Dear Homeschool Curriculum,
You’re not the boss of me.
But, I wish it hadn’t taken me so long to figure that out.
You are like a stern older teacher looking over her reading glasses at me disapprovingly, making me feel like a huge loser, but I have learned to ignore you.
I wish someone had told me that trying to follow you to the letter of your law would make me miserable.
I wish someone had told me that trying to follow you to the letter of your law would make my children miserable.
I wish someone had told me that strictly adhering to you would make my children resent me and cause problems in our relationship, making them feel like I cared more about your plan than I did them.
I wish someone had told me that not even public school and private school teachers adhere to you legalistically or even complete all of your pages but that they only pick and choose the parts of you that they need for their classes.
I wish someone had told me that the recommendations within your covers were just that —recommendations— and that children have unique needs that do not always, match your cold, rational, black-and-white plan.
I wish someone had told me it was okay to not do everything in your plan –it would have alleviated a lot of homeschool mom guilt when my child learned at his own pace like the unique and individual person that he is instead of in the way you said he was supposed to.
I wish someone had said it’s okay not to finish you and that we didn’t need to double up if we got behind.
I wish someone had told me that my fear of getting behind by not doing all of you was unfounded —that there is no behind in homeschool.

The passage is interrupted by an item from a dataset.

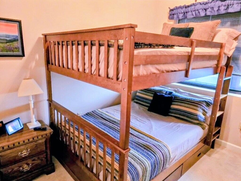 Looking for a fun getaway to escape the heat in the summer and enjoy snowfall in the winter? This is it! Experience top-of-the-mountain living in this two bedroom, two bathroom condominium with high 10 foot ceilings. The balcony offers beautiful picturesque, long range views of the Blue Ridge Mountains and Sugar Mountain ski trails. Peacefully watch the amazing sunsets unfold layer by layer of breathtaking colors on the balcony. And, talk about being festive and patriotic, July 4th fireworks are right in front of the balcony. Looking to relax? If you’re like me, there’s nothing better after a day of hiking, skiing, shopping than to kick your feet up on a recliner. It provides significant benefits to your body by improving blood circulation, and this condo boasts not one, but four recliners for your comfort! Sugar Top is a gated resort that offers a 24/7 front desk host, security and a guard at the gate. This condo is also available for short or long term weekly/monthly stays. Nearby: Food Lion, Subway, McDonalds, China House Restaurant, Fred and Larry’s Coffee, High Country Pie (delicious homemade meat pies) and Bella’s Italian Restaurant are all within a ten minute drive. Ask for a map at the front desk. Sugar Mountain Ski Slopes is less than one mile Sugar Mountain Golf is less than one mile Alpine Coaster is two miles Banner Elk is six miles Grandfather Mountain is nine miles Boone is sixteen miles Blowing Rock is eighteen miles lists activities at these places in addition to a list of restaurants, hiking trails, golf courses, festivals, Wednesday Summer Concerts, and waterfalls. Also, a very detailed list of what to look for on the scenic drive of the Blue Ridge Parkway. The space The master bedroom features a queen sized bed and the guest bedroom has two full sized bunk beds. There are lots of board games in the guest bedroom. The baseboard central heat and ceiling fans in each bedroom and family room ensure you’ll be comfortable no matter what time of year you visit. Enjoy watching your favorite shows and movies from bed on one of our three TVs. In the family room you are able to log in to any of the apps you have at home (guests must provide their login information). The desk has a charging station with an assortment of charging cables. The drawer below the family room television has plenty of books to choose from. Feel free to keep the book if you have not finished reading it by the end of your stay. We provide a Keurig coffee maker, regular coffee maker, coffee pods, sugar, and creamer. We also have a teapot. There is a starter supply of paper towels, toilet paper, dish detergent, trash bags, salt/pepper shakers, and blow dryers in each bathroom. I like to keep my condo attractive and clean for all my guests. You will be responsible for any incidental fees and damage to the rental property caused by you or your guests during your stay. Guest Access You must be at least 25 years old to book and stay at this condo, and children must be 8+ years to stay. The names and ages of all guests must be provided, and drivers licenses will be requested at check in. Check in is at 4pm. Guests will stop and check in at the guard gate, park up at the entrance of Sugar Top (there are five spots available), unpack your belongings, then park and ride the shuttle back to the entrance. You may ask at the front desk if there is available parking in the owners lot (sometimes there is during slower times). Check in at the front desk giving my name, Shirley Ann Unterbrink, Unit #2123. There are luggage carts, shopping carts, and a wheel chair at the entrance. To request the shuttle you can call the front desk at or from the landline in the kitchen dial 0. Guests will have access to the entire condo with the exception of the locked closet door in the master bedroom and two storage rooms with locks. This condominium complex has many outside video recording cameras that actively record video and audio. Amenities Sugar Top is a gated resort that offers a 24/7 front desk host, security, and a guard at the gate. Also, an indoor heated pool, two indoor hot tubs, wet/dry sauna, and gym with locker rooms and showers, quiet reading area, large outdoor sunset deck, picnic area with iron grills, and wheelchair accessibility. There is also a concession stand in the lobby. Other things to note For all skiers, there is a place to keep your skis and ski boots, they are not allowed in condos per homeowner’s rules. Ask the front desk for the storage location. In snowy seasons you WILL need an all-wheel or 4-wheel drive vehicle. The weather on Sugar Mountain can change in an instant, and we may not be able to accommodate adding extra days to your stay in inclement weather. Please ensure your vehicle is equipped properly for mountain driving. Winter weather can occur here from November to April. In warmer seasons please watch carefully for wildlife while driving. There are foxes, deer and lots of fawns in late spring/early summer. We do get heavy fog that will usually lift when the sun comes out. Due to the mile-high elevation, Sugar Top has no air conditioning. There are three ceiling fans, one in each bedroom and one in the family room. July temps average 55-70 degrees. There is a laundry room just a few steps to the left when exiting the condo. There is a coin machine and laundry supplies in the lobby at the concession stand.

I wish someone had told me that “do the next thing” was a legitimate homeschool schedule and not just taking the easy way out, so I could just ignore whatever schedule was written in your pages.
I wish someone had told me to ignore you when you said to give glitter and glue to a 4-year-old and to do elaborate art projects with my children who have developmental disorders and fine motor skill problems.
I wish someone had told me that I wasn’t depriving my children when skipping the bazillion crafts, science experiments, and various assignments that made my children hate me and made me want to claw my own eyes out.
Even when I did skip those activities I felt guilty because you told me I was supposed to do them, and if I didn’t do what you said, I felt like a failure; I wish someone had said I wasn’t a failure –I was a teacher, and good teachers do what works best for their students to learn.
I wish I had learned earlier that you are not my boss!
You are just a tool —just one tool of many, many tools.
You’re a tool, but you are, by no means, my master.
I’m the master!
You’re a just book —which isn’t even necessarily the best homeschool tool out there!
I wish someone had said that just because other moms worship you and are willing to sacrifice their firstborn to you in the name of “a proper education” does not mean that I had to –and that I would be better without your or with very little of you.
I wish someone had told me that the best learning is not what kids only see in your pages, but that the best learning is multisensory, fun, child-led, and that which the kid doesn’t hate.
I wish someone had told me that media is a completely viable and legitimate learning method –not a cop-out for moms who couldn’t teach “the right way,” that the right way isn’t with books and worksheets: it’s whatever works best for the child.
I wish someone had told me that no child has a life-changing moment when doing one of your boring worksheets and that it was okay to throw it out in favor of joy-filled learning!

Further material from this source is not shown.